[Exercise data Boundary: Start]

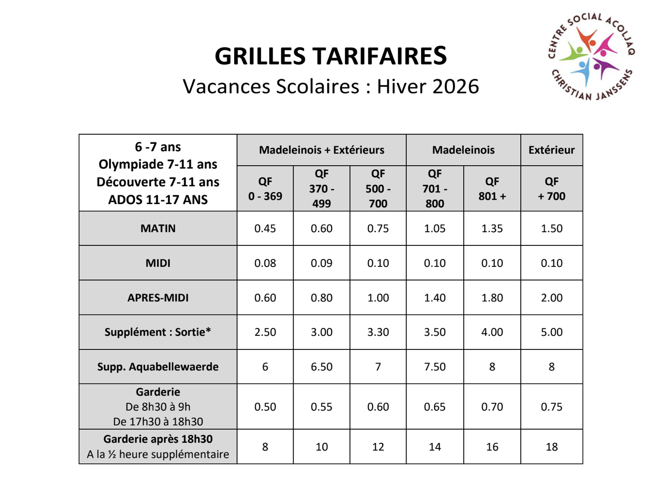 Vous pouvez inscrire votre ou vos enfants à l’accueil du centre social ACOLJAQ/CHRISTIAN JANSSENS
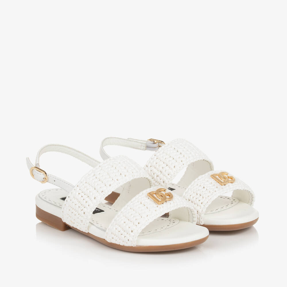 Chic and stylish, these white open-toe sandals for girls by luxury label Dolce & Gabbana, are made in the finest leather with raffia crochet detailing. There is a gold-tone DG logo on the front adding a distinctive designer look and to ensure a comfortable fit, they have an adjustable buckle-fastening ankle strap. They are lined in soft leather and have a lightly padded, perforated insole for lasting comfort. The slim, non-slip rubberised outer sole has a small heel and adds a sleek finish to this elegant design.
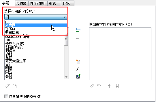 - 在“字段”选项卡上的“从下面选择可用字段”下拉列表中,选择“从房间”或“到房间”。
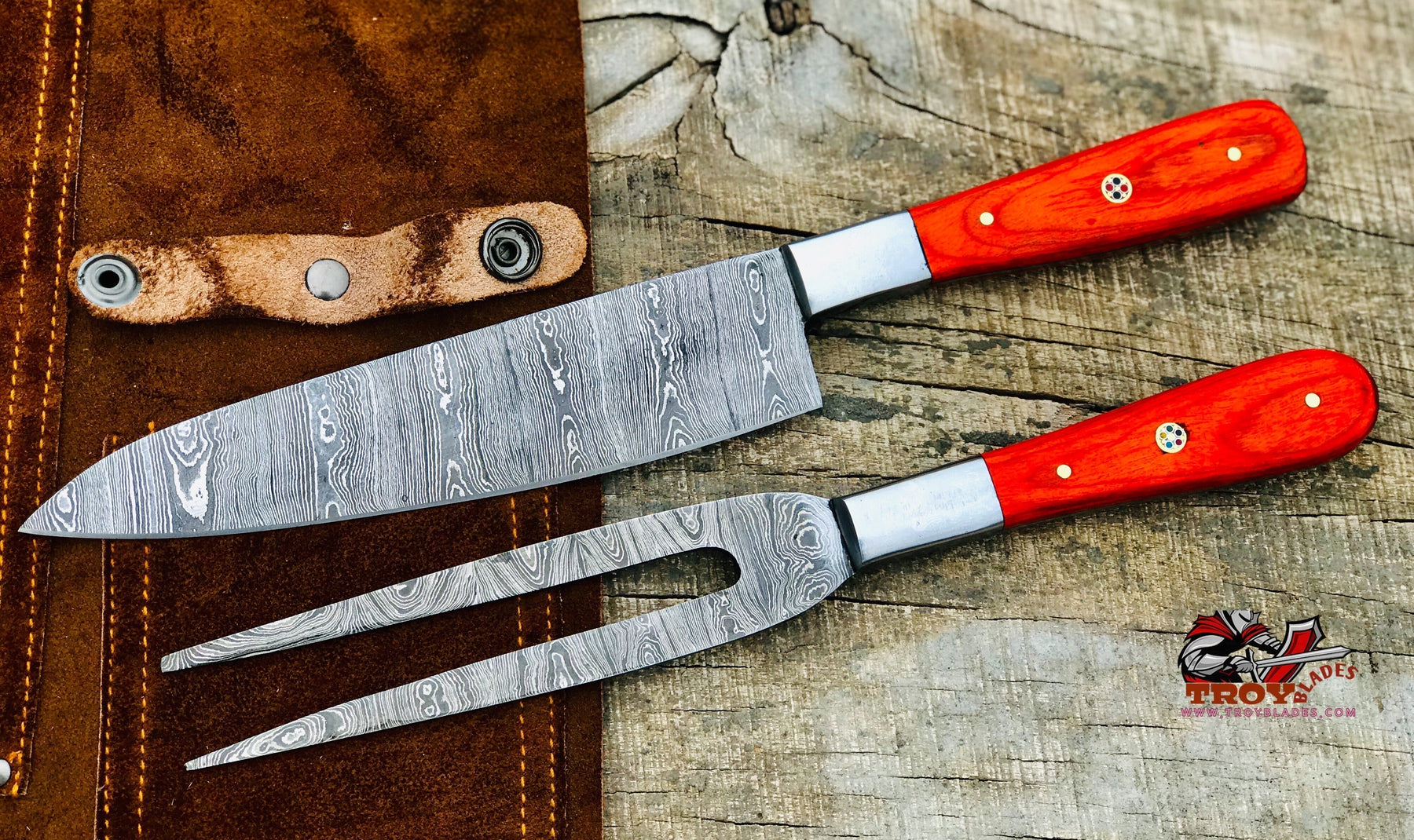 Custom Handmade Damascus Kitchen/BBQ Table Pair S001 - Troy Blades

[Exercise data Boundary: End]

◆ **Work instructions**
Copy the material above exactly and drop the pictures.

◆ **Task answer**
 Vous pouvez inscrire votre ou vos enfants à l’accueil du centre social ACOLJAQ/CHRISTIAN JANSSENS
 Chic and stylish, these white open-toe sandals for girls by luxury label Dolce & Gabbana, are made in the finest leather with raffia crochet detailing. There is a gold-tone DG logo on the front adding a distinctive designer look and to ensure a comfortable fit, they have an adjustable buckle-fastening ankle strap. They are lined in soft leather and have a lightly padded, perforated insole for lasting comfort. The slim, non-slip rubberised outer sole has a small heel and adds a sleek finish to this elegant design.
 - 在“字段”选项卡上的“从下面选择可用字段”下拉列表中,选择“从房间”或“到房间”。
 Custom Handmade Damascus Kitchen/BBQ Table Pair S001 - Troy Blades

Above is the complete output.